Study: Lid wiper epitheliopathy
This was a large study (287 patients!) with some interesting highlights.
People more likely to have LWE included Asians (twice as likely as non-Asians) and contact lens wearers. Non contact lens wearers with LWE were not symptomatic.
Invest Ophthalmol Vis Sci. 2018 Apr 1;59(5):1878-1887. doi: 10.1167/iovs.17-23639.
The Relationship of Lid Wiper Epitheliopathy to Ocular Surface Signs and Symptoms.
Li W1, Yeh TN2, Leung T1, Yuen T1, Lerma M1, Lin MC1,2.
There has been interest in determining whether lid wiper epitheliopathy (LWE) plays a key role in causing ocular discomfort. Conflicting reports have made it difficult to discern whether LWE is more prevalent in certain populations, what characteristics are associated with its severity, and what its role is in symptomology. This cross-sectional study on a large and diverse population attempts to answer these questions.

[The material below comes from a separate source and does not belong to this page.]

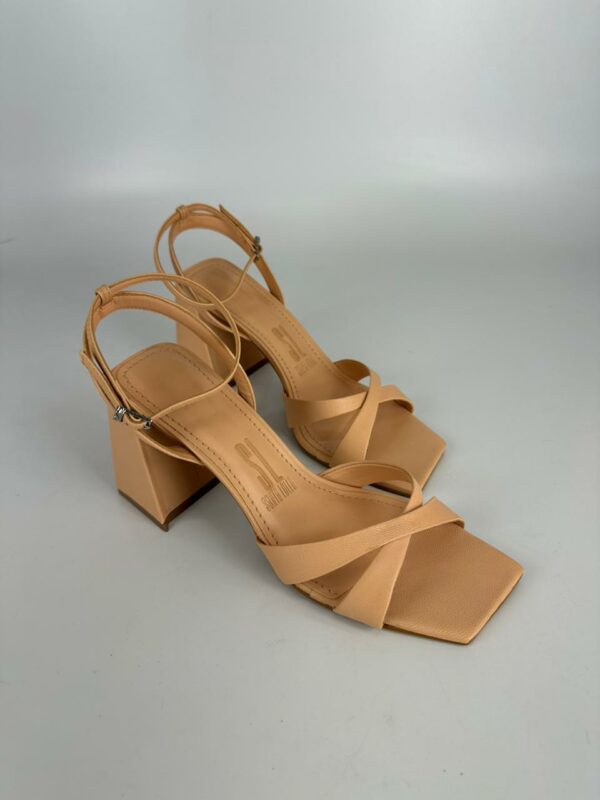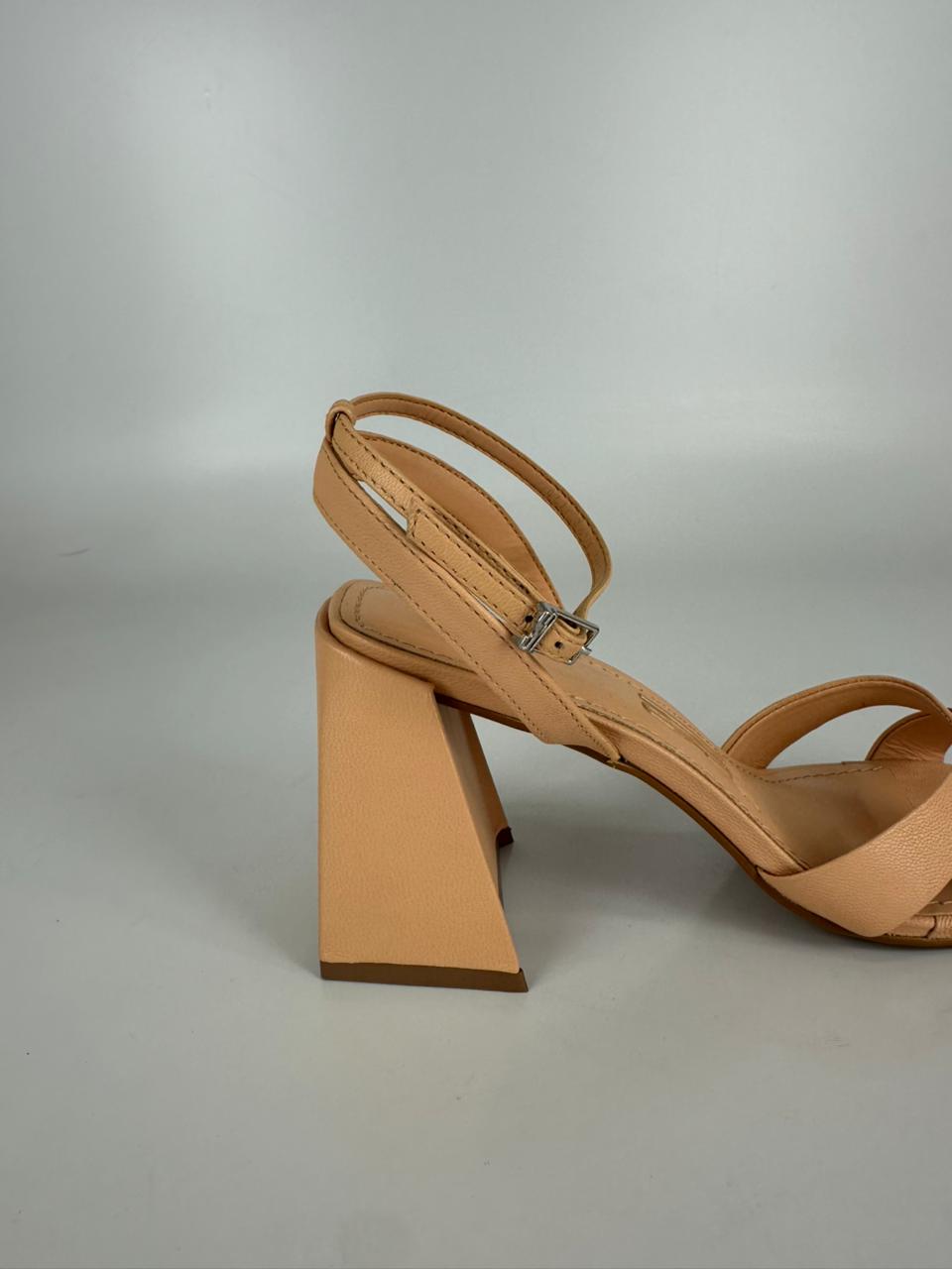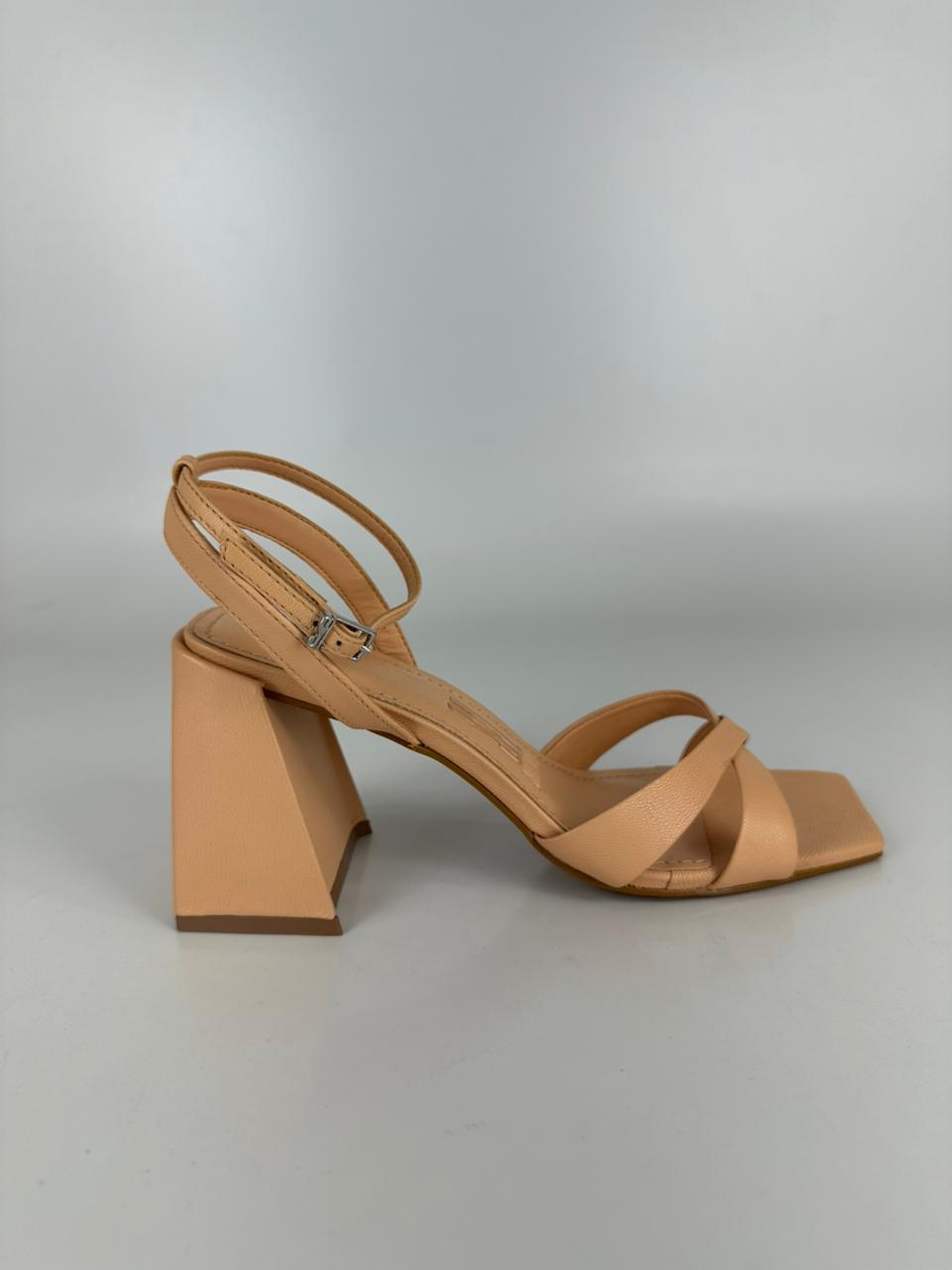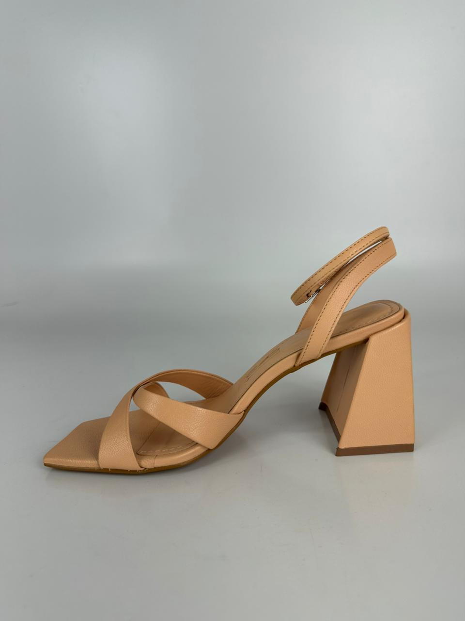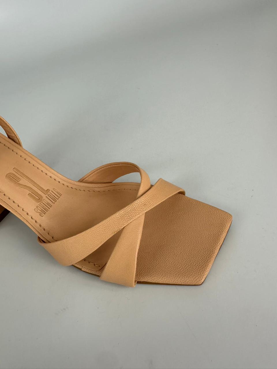 Santalolla Sandália Salto Bloco Tiras Em X Couro Nude

Subjects were asked to complete questionnaires related to dry eye and to ocular discomfort. A comprehensive set of ocular surface parameters were assessed, including LWE length and width, tear-film lipid layer thickness, fluorescein tear breakup time (FTBUT), lid-parallel conjunctival folds (LIPCOF), and corneal staining.

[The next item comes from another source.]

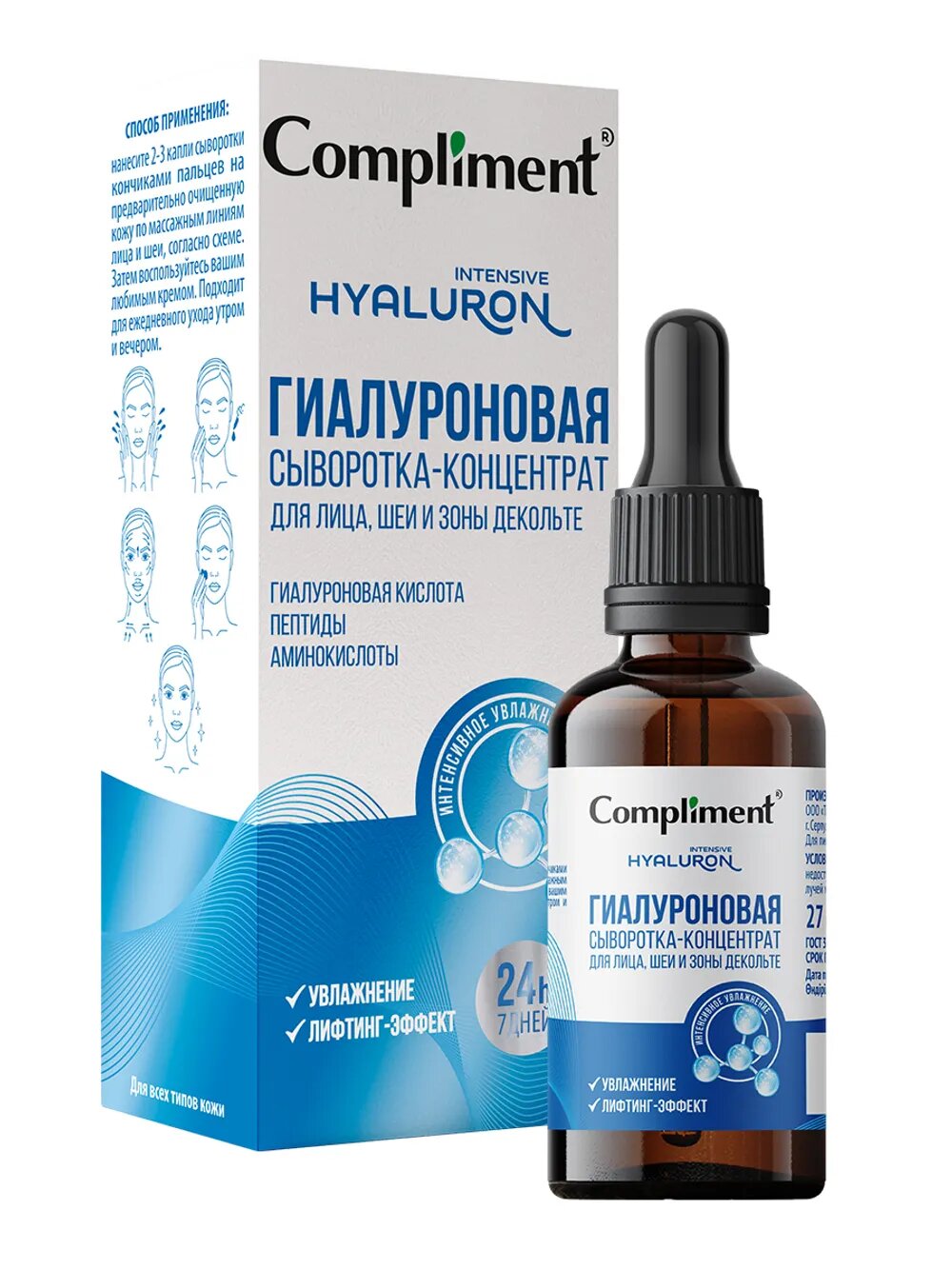 Compliment Гиалуроновая сыворотка-концентрат для лица, шеи и зоны декольте, 27 мл информация: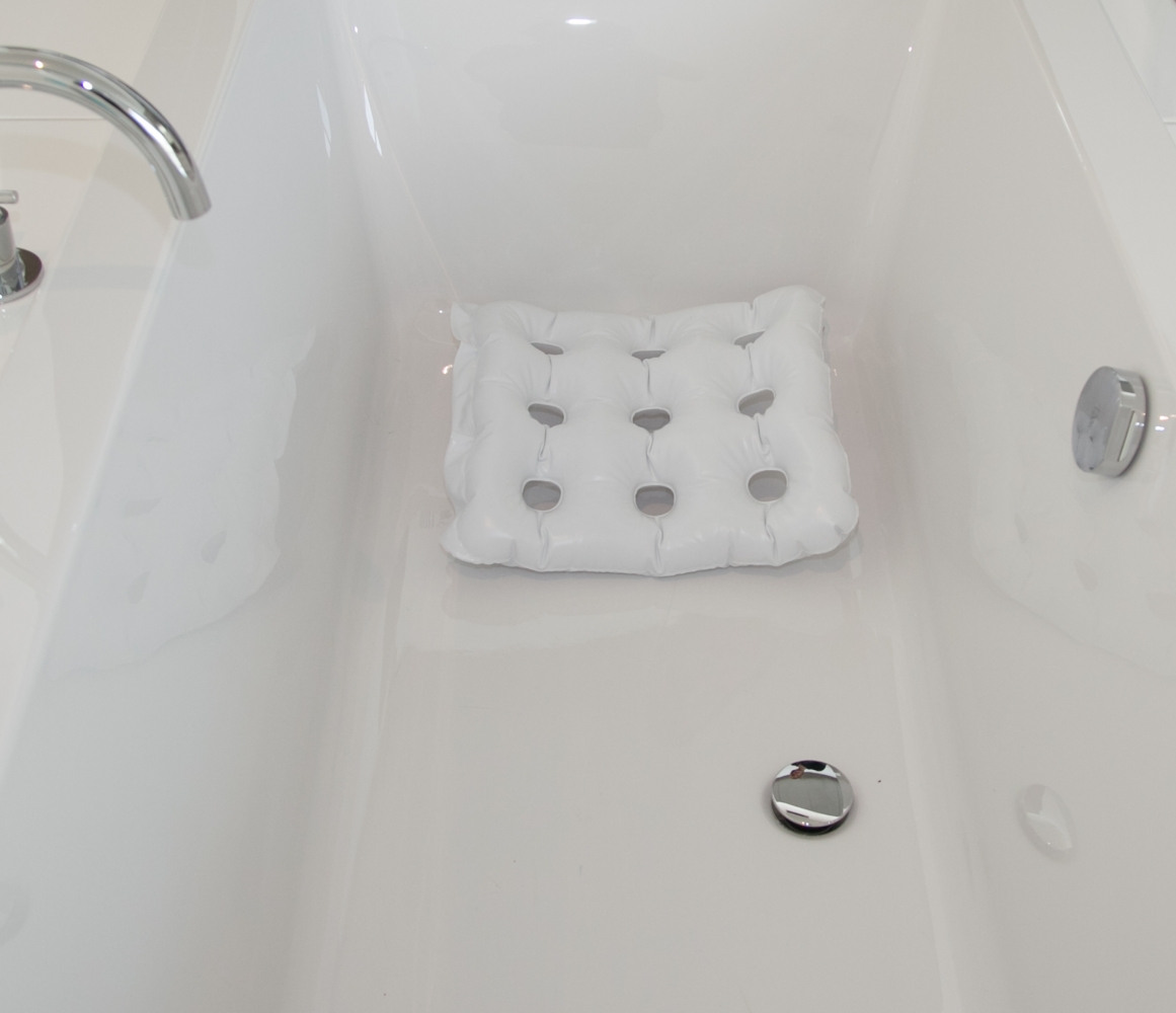 Dit opblaasbaar zitkussen biedt comfort tijdens het baden. Vier zuignappen houden het kussen op zijn plaats.

A total of 287 subjects participated in the study. LWE was observed in 45% of the study cohort and was twice as prevalent in Asians than non-Asians (P < 0.005). LWE was more likely to present in contact lens wearers than non-contact lens wearers (P = 0.03). Decreased FTBUT was associated with increased LWE length and width (P < 0.005 and P = 0.01, respectively), although only a small effect size was noted. Presence of LIPCOF was linked with a 0.25-grade increase in LWE width (P = 0.01). Only LWE width was associated with greater symptoms in contact lens wearers.
LWE was associated with decreased tear-film stability, contact lens wear, lid anatomy, and LIPCOF. LWE was not associated with symptoms in non-contact lens wearers. LWE width was associated with greater symptoms in contact lens wearers but was only clinically significant with moderate to severe LWE width.